When your children are teenagers, it’s important to have a dog so that someone in the house is happy to see you. ~Nora Ephron
Close family and friends will know that I say often this: My teenager has been, far away, the greatest teacher in my life. I have learned more about myself as a parent, husband, son, friend, and community member. But, admittedly, it’s been a long 18 months with our teen/greatest teacher. While he celebrated his 16th earlier this month, it feels like I’m often engaging more with a five-year old than someone learning to drive a five-speed F150 pickup. And the more that I listen, watch, share, and connect with other parents of teenage boys, one thing has become abundantly clear: We’re all in the same boat. Together. For better or for worse. (I know, that’s three things.)

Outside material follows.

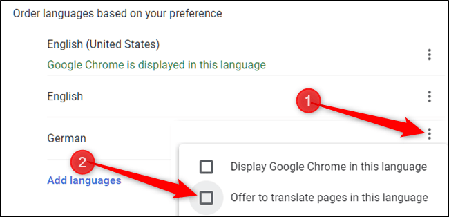 Pero si prefieres que Chrome se encargue también de estos idiomas, haz clic en más (tres puntos junto a un idioma) junto al idioma y marca la opción «Ofrecer traducir páginas en este idioma». Esto permite a Chrome traducir idiomas específicos para ti en el futuro.

As a first time parent I vividly recall devouring countless how-to parenting books literally by the shelf (we actually have a dedicated shelf in our house to these titles). In actuality, the past several years (and two more kids later) have seen a decline in my parenting know-how-genre reading. However, drastic times…
I was recently turned on to the garrulously-titled book How to Talk So Teens will Listen and How to Listen So Teens Will Listen by Adele Faber and Elaine Mazlish. Yep, it’s a how to book (I never swore of them to be sure), and it has help to re-frame my listening and more effectively chose the words when talking with our teen.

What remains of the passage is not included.